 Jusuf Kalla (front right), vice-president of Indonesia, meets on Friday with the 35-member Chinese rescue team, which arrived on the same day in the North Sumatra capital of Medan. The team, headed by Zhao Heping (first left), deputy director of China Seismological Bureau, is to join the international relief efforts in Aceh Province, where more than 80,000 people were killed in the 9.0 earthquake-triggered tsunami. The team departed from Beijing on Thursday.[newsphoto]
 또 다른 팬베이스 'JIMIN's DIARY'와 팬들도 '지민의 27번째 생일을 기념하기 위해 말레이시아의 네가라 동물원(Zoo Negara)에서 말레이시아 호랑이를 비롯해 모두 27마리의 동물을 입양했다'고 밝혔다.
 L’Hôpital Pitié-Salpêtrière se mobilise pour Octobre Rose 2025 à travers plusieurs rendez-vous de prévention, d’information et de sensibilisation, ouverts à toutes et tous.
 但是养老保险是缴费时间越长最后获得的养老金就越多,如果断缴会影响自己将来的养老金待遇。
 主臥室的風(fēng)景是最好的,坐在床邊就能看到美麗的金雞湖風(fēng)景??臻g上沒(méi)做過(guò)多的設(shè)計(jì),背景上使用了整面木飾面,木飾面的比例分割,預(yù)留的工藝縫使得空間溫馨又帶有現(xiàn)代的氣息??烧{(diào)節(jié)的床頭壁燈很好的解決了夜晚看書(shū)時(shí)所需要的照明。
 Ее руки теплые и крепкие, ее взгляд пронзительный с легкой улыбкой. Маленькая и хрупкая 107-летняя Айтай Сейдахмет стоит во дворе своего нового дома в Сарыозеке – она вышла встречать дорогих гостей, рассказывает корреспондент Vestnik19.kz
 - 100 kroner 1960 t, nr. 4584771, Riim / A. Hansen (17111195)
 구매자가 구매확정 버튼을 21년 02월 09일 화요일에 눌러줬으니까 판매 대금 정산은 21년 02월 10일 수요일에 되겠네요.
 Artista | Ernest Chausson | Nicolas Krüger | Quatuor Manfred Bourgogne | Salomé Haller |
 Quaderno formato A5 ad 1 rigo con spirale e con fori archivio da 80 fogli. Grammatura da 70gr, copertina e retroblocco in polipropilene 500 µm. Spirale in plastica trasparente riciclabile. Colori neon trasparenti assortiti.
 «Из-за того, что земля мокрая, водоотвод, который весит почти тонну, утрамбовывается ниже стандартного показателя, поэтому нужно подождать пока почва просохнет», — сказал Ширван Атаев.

### What is expected:
Give again, exactly, every line from the one holding "Artista | Ernest" to the last line of the data.

### Solution for this problem:
 Artista | Ernest Chausson | Nicolas Krüger | Quatuor Manfred Bourgogne | Salomé Haller |
 Quaderno formato A5 ad 1 rigo con spirale e con fori archivio da 80 fogli. Grammatura da 70gr, copertina e retroblocco in polipropilene 500 µm. Spirale in plastica trasparente riciclabile. Colori neon trasparenti assortiti.
 «Из-за того, что земля мокрая, водоотвод, который весит почти тонну, утрамбовывается ниже стандартного показателя, поэтому нужно подождать пока почва просохнет», — сказал Ширван Атаев.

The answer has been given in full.